Would you retype the lines from the one that holds "Jeans Bluse Mit" to the final line of the entries below, both ends included and exactly as written, but without pictures?

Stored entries
┌────────
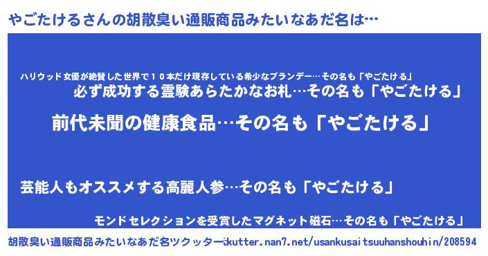 | ヘコむあだ名 | 『やごたける(爆)』『やごふぇ~』 |
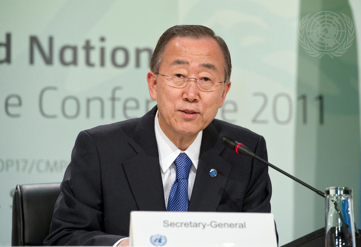 Secretary-General Ban Ki-moon briefs the press following his remarks to the high-level segment of the COP17/CMP7 UN Climate Change Conference in Durban, South Africa. Mr. Ban was joined by Christiana Figueres, Executive Secretary of the UN Framework Convention on Climate Change (UNFCCC).
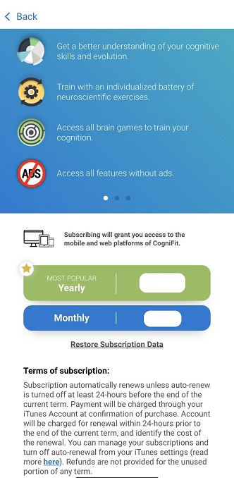 Note: You will need a CogniFit subscription to access Video Coach. For more information on how to subscribe, continue to Section 3 of this article, or read How to Subscribe to CogniFit.
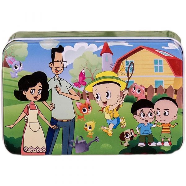 Комплектът съдържа дървени цветни елементи, на които от едната страна има картинка с любими герои, а от другата страна числата от 1 до 54, математически знаци и символи.
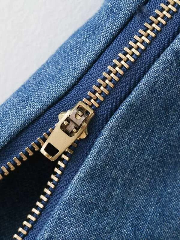 Jeans Bluse Mit Puffarmeln Ose Und Band Aktuelle Trends Gunstig Kaufen Shein Deutschland
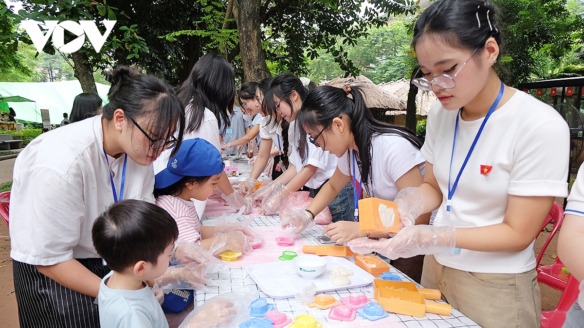 Trải nghiệm làm bánh nướng bánh dẻo trong Chương trình “Tết Trung thu 2025 - Vui cùng trẻ thơ” tại Bảo tàng Dân tộc học Việt Nam.
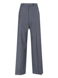 THE FRANKIE SHOP 'BRICKELL' GREY VIRGIN WOOL BLEND TROUSERS WITH HIGH WAIST, BELT LOOPS, HOOK, BUTTON AND ZIP CLOSURE, TWO SIDE POCKETS, ONE BACK POCKET, STRAIGHT LEG. PRODUCT INFO PRODUCT CODE BRICKELL FLANNEL TROUSERSGREY MELANGE COMPOSITION: 59% VIRGIN WOOL, 39% POLYESTER, 2% ELASTANE SIZE AND FIT: REGULAR FIT MADE IN: SERBIA
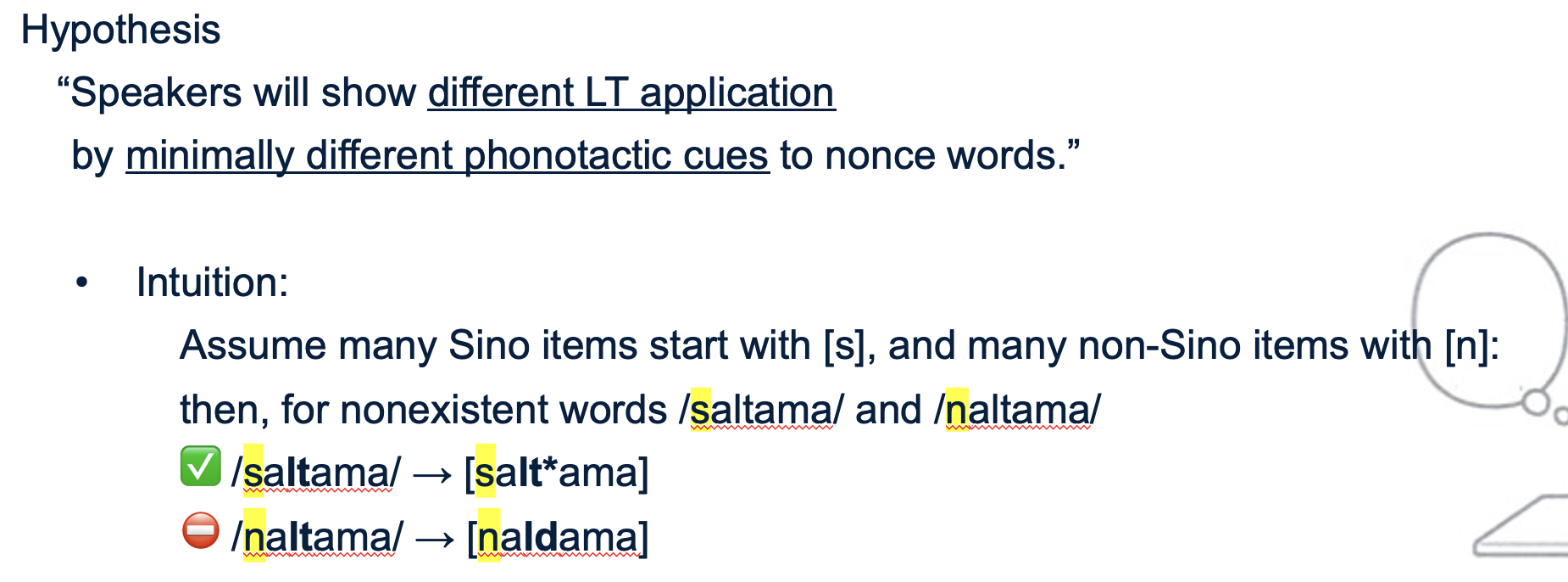 아이디어는 "만약 기존 단어에서 어떤 층위 편향적 특징이 있다면, 그걸 비단어에 접목해서 실험할 수 있음"
└────────
**RESPONSE AREA**
 Jeans Bluse Mit Puffarmeln Ose Und Band Aktuelle Trends Gunstig Kaufen Shein Deutschland
 Trải nghiệm làm bánh nướng bánh dẻo trong Chương trình “Tết Trung thu 2025 - Vui cùng trẻ thơ” tại Bảo tàng Dân tộc học Việt Nam.
 THE FRANKIE SHOP 'BRICKELL' GREY VIRGIN WOOL BLEND TROUSERS WITH HIGH WAIST, BELT LOOPS, HOOK, BUTTON AND ZIP CLOSURE, TWO SIDE POCKETS, ONE BACK POCKET, STRAIGHT LEG. PRODUCT INFO PRODUCT CODE BRICKELL FLANNEL TROUSERSGREY MELANGE COMPOSITION: 59% VIRGIN WOOL, 39% POLYESTER, 2% ELASTANE SIZE AND FIT: REGULAR FIT MADE IN: SERBIA
 아이디어는 "만약 기존 단어에서 어떤 층위 편향적 특징이 있다면, 그걸 비단어에 접목해서 실험할 수 있음"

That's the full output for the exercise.